In fiction we have long had Isaac Asimov's “Three Laws of Robotics” but in real life its not that easy. Ronald Arkin, a professor of computer science at Georgia Tech, is working on this problem. He’s not the only one but you can read about him and some of the related issues at this article titled “Robot warriors will get a guide to ethics” There are also some links at his web site at Georgia Tech. It’s a tough issue. The ethical questions involved in warfare are tough in and of  themselves but getting a computer to understand or at least to properly process the inputs and make an “ethical” decision raises the level of complexity.

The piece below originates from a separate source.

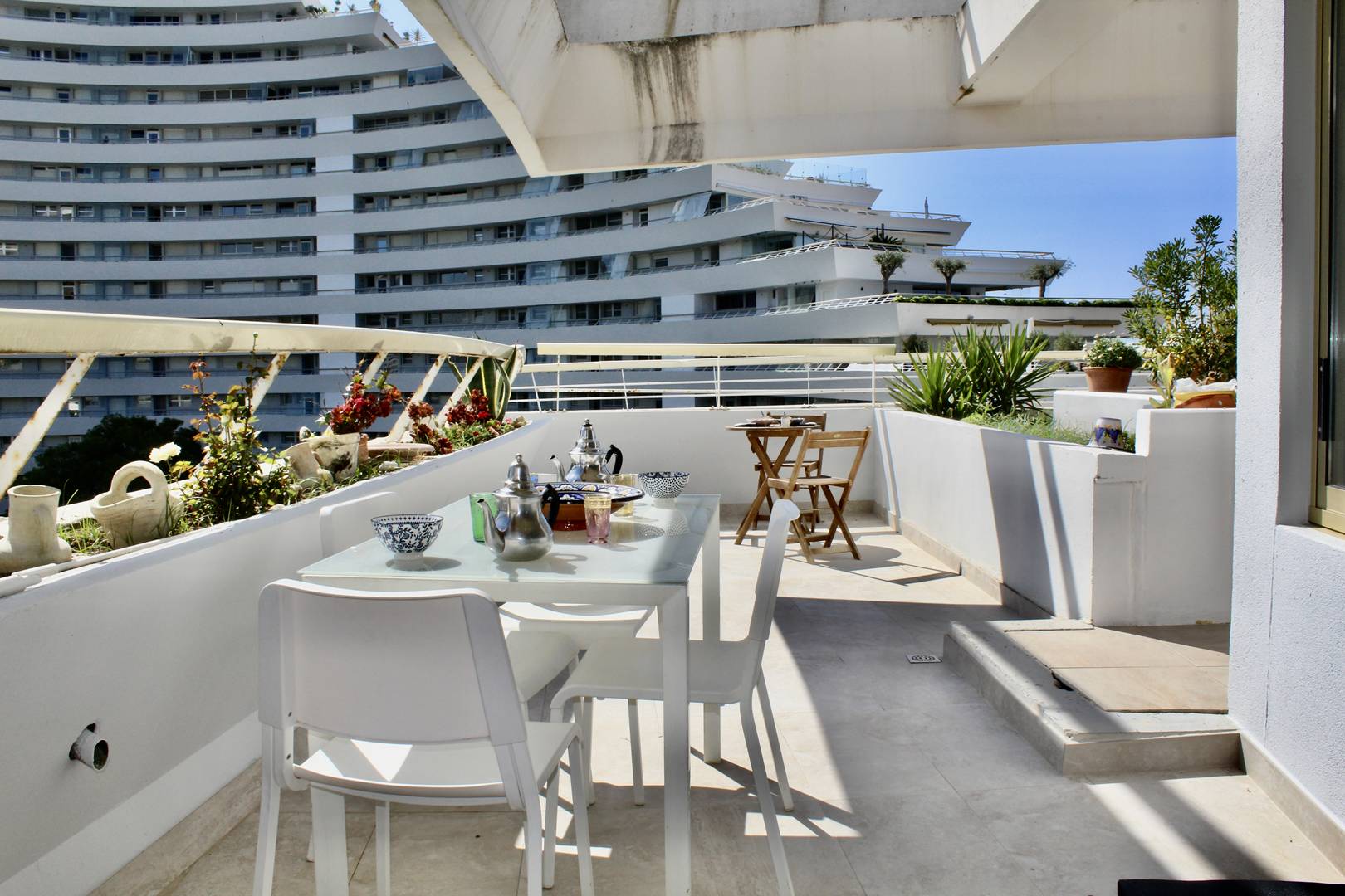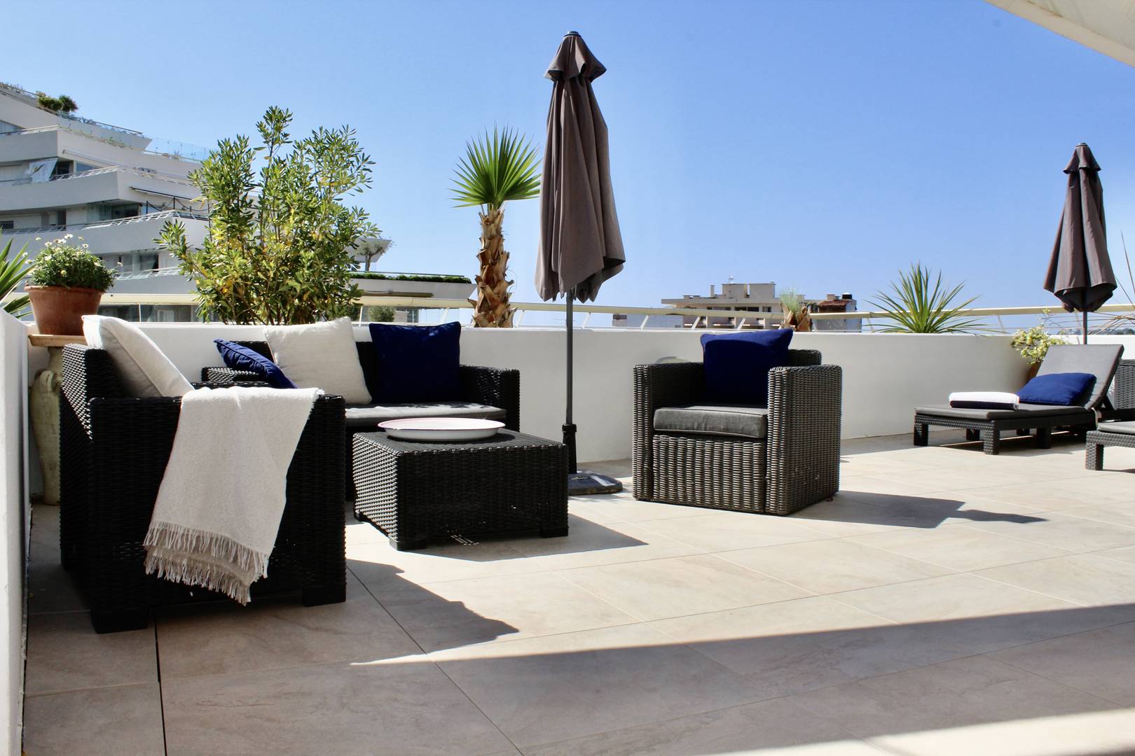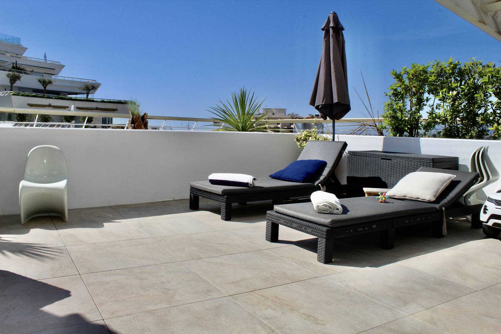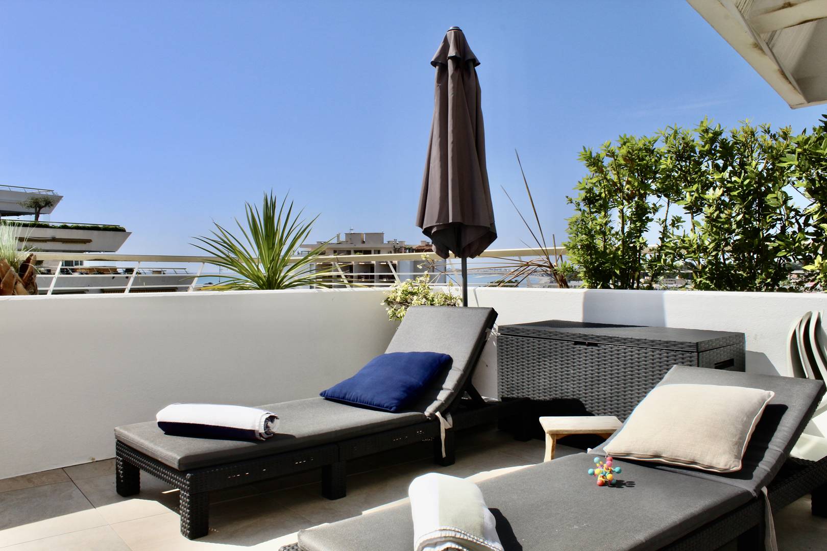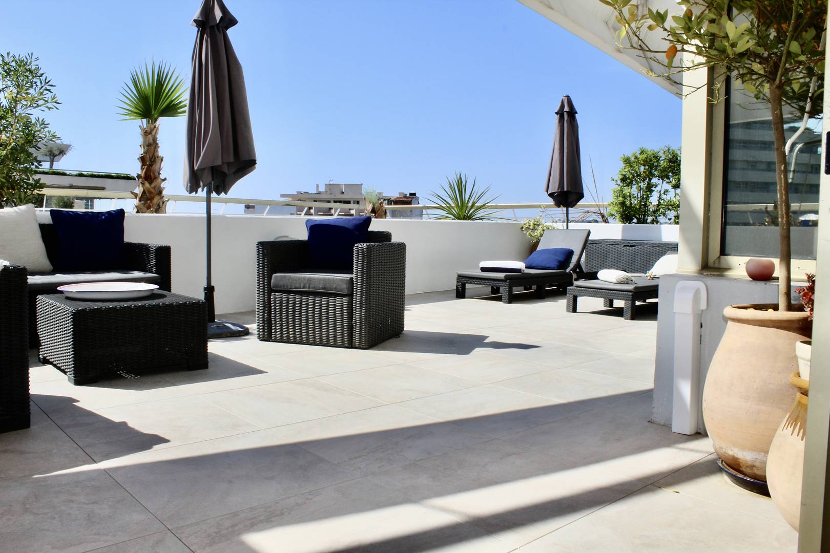 Le plus de ce logement : Cet appartement unique offre une resplendissante terrasse d’angle avec une vue exceptionnelle du Cap d’Antibes à Nice.

I think this is a piece of the growing importance of discussing ethics in computer science programs. I know that many under graduate programs have an ethics course requirement. The masters program I was in had a required ethics course. But I think we need to start having these discussions in high school (or younger). Ethical behavior is something best learned young.

Follow up: Chad Clites sent me a link to an article called Plan to teach military robots the rules of war that relates to this post.

  • This is a very difficult indeed given that ethical behavior, or at least the perception of what is ethical, is based on individual experience and interpretation. How can one hope to get two developers to agree on a common idea of what is ethical, much less an entire development team. Who then gets to decide? Do we take a utilitarian view and program these 'warriors' to do what is best for the greatest number of people? Who gets to determine that?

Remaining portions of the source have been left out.